Subject: Style guides, take II
From: "Geoff Hart (by way of \"Eric J. Ray\" <ejray -at- raycomm -dot- com>)" <ght -at- MTL -dot- FERIC -dot- CA>
Date: Sat, 12 Dec 1998 04:54:29 -0700

In the spirit of synchronicity, Don Bush (one of my favorite writers
on the topic of editing) had a few choice comments on the second
edition of the Microsoft style guide (The grammar of "Microspeak",
_Intercom_, Dec. 98, pages 36-37). Although he did not completely
dismiss the utility of this guide, he did have some rather pointed
comments that cast its merits into doubt, at least for me. I quote
(typos mine):

"Even more ominously, the the book distorts the very nature of
editing, changing it from a vocation of making authors accessible to
a low-skilled chore of zapping taboos."

"Why would anyone promoting 'consistency' publish a style guide
that does not agree with recognized authorities?" [Bush lists 8 of
these authorities, all of whose opinions I respect.]

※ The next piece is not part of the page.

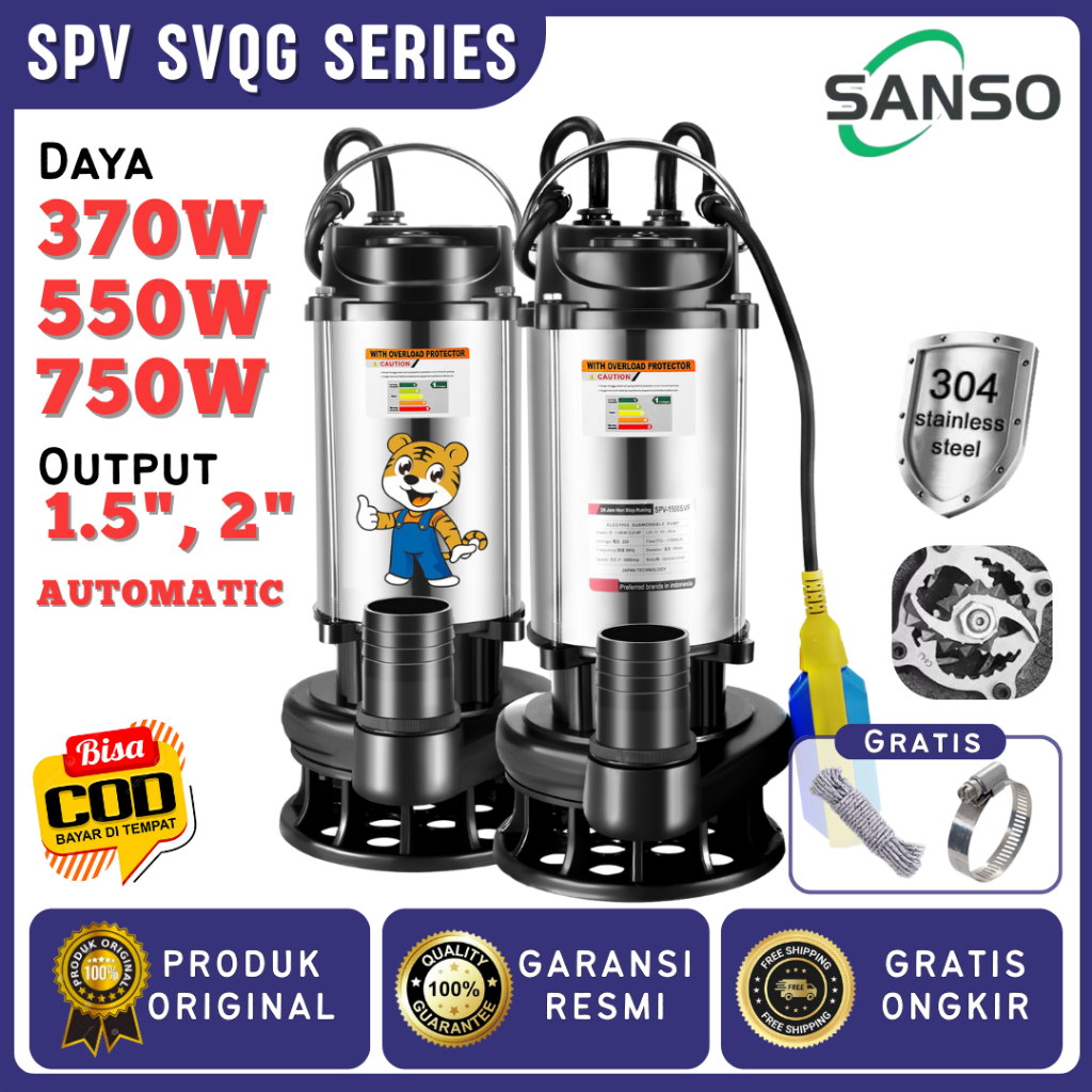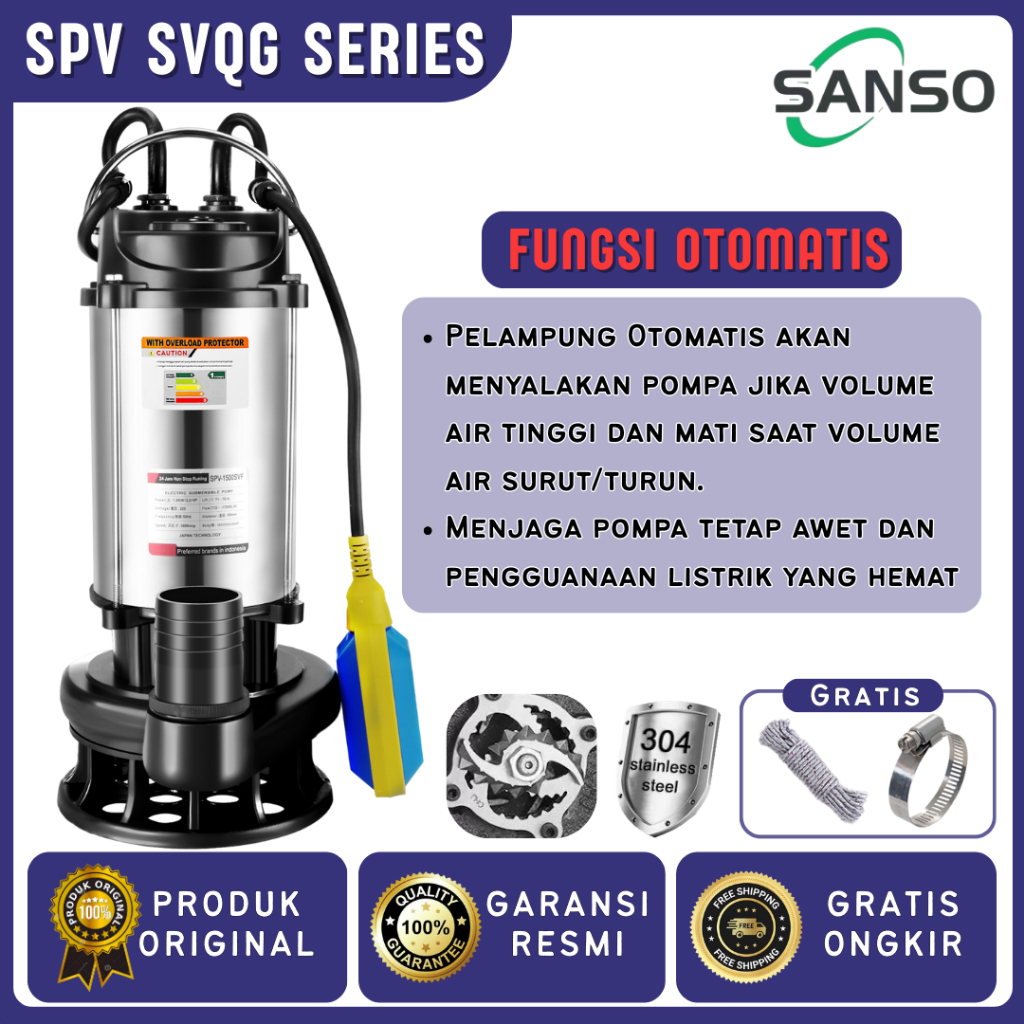 Sanso Mesin Pompa Air Bersih Kotor Kolam Sawah Limbah Pabrik Mata Pisau SPV-SVQG/F Otomatis Manual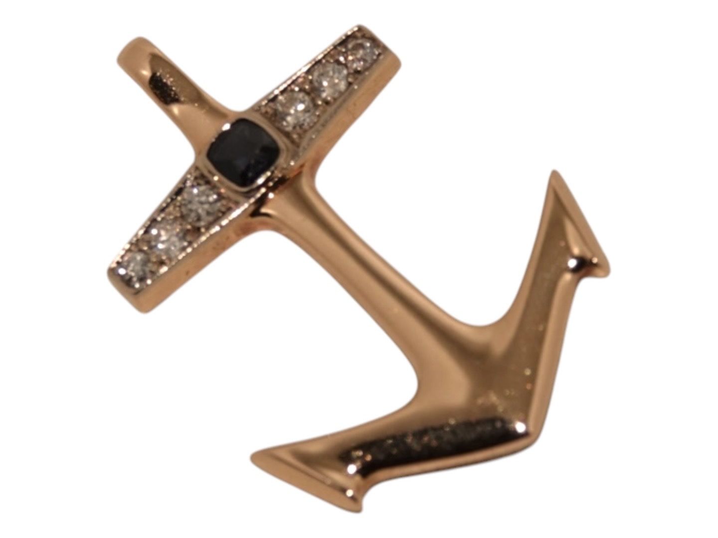 Stort vedhæng / broche i form af anker med en ret stor safir og seks store diamanter

"Ironically, excessive taboos can make technical writing worse.
While language cops are busy policing inconsequential violations,
they inevitably overlook major crimes against technical accuracy,
organisation, structure, and conciseness. The proof lies in the
Microsoft manual itself, which is stilted, wordy, disorganized,
ambiguous, and repetitious, and even violates its own rules."

Humph. I've always thought that "Microsoft style" was an oxymoron.
Here's some more evidence.
--Geoff Hart @8^{)}
geoff-h -at- mtl -dot- feric -dot- ca

"Patience comes to those who wait."--Anon.